The rhythm of medium and delivery of content.

I love that feeling when you completely missed the arrival of a fantastic new TV Drama series, and you only hear about it when everyone on Facebook or Twitter are raving about the dramatic ending of a series. So you get the box set and sit in… for days.

I settled-in to do this when I discovered Luther. Except I realised something very quickly. Luther is so completely awesome and intense that I found I couldn’t watch more than two or three episodes without a break… I was physically exhausted! (which doesn’t take much, granted).

It got me thinking about the medium of TV, not just as a video/audio relay, but as a medium that spans time. The absorption, retention and dissipation of content from one episode to the next. ¬†And it got me thinking about the rhythm of delivery and the dosage of consumption. As humans, most of us are hoarding, opportunist gluttons that will happily take more than we need, or is good for us, but I believe that truly great content also considers the pace of its delivery… like a Hitchcock movie.

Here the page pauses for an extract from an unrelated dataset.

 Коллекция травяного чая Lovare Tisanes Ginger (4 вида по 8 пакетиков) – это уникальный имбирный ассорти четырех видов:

Watching episode after episode of Luther in a row was like drinking a pint of Whiskey

I’m a passionate photographer and often consider the difference between an online photo gallery and the physical turning of a photo book’s pages. Technically we could cram all photos into a single page, and pointlessly order them numerically by their filename. But there is more to be gained (if not a story to be told) from the forced chronology of order. One at a time and not necessarily distracted by what comes next. (If only FlickR understood that)

As far back as 2004 when BBC Mobile was turning xhtml, I was trying to caution people about the dangers of page-size anomalies. By that I’m referring to particular pages with functions that require significantly more data (or coding) than the average page of that service. I would stress the psychological importance of browsing rhythm and expected delivery.

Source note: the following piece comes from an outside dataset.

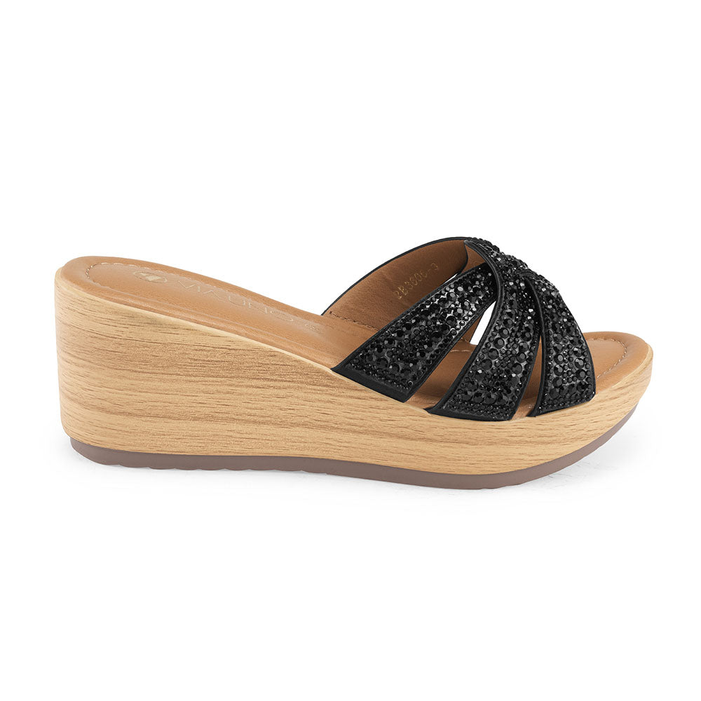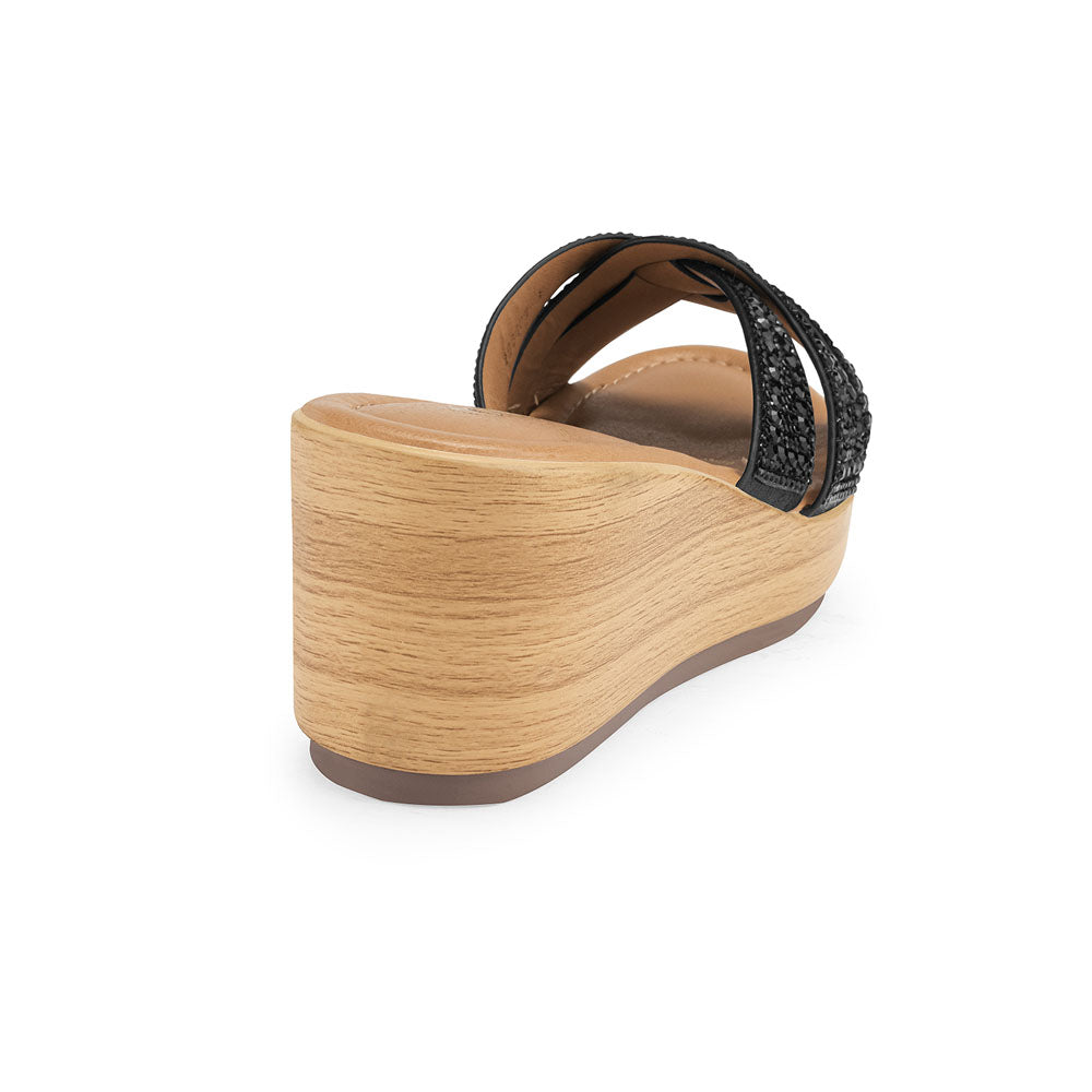 Un modelo moderno y llamativo que combina comodidad con estilo. Su diseño tipo mule en color negro destaca por las tiras frontales con acabado brillante, que aportan un toque elegante y actual. La plataforma tipo madera ofrece altura y estabilidad, ideal para acompañarte durante el día sin perder confort.

If a services response times are erratic and unreliable, it will make all the difference to the user choosing to hit that link before they jump on that train.

The internet is full of designs conceived around “Lorem Ipsum…” like a suit sewn around a mannequin that doesn’t move.

It’s a common practice and a somewhat necessary fit for the way the world turns. I don’t know if this is because the content we have isn’t so hot (and may as well stay as Lorem Ipsum) or if we are grossly neglecting our stories and failing to consider more creative ways to deliver it.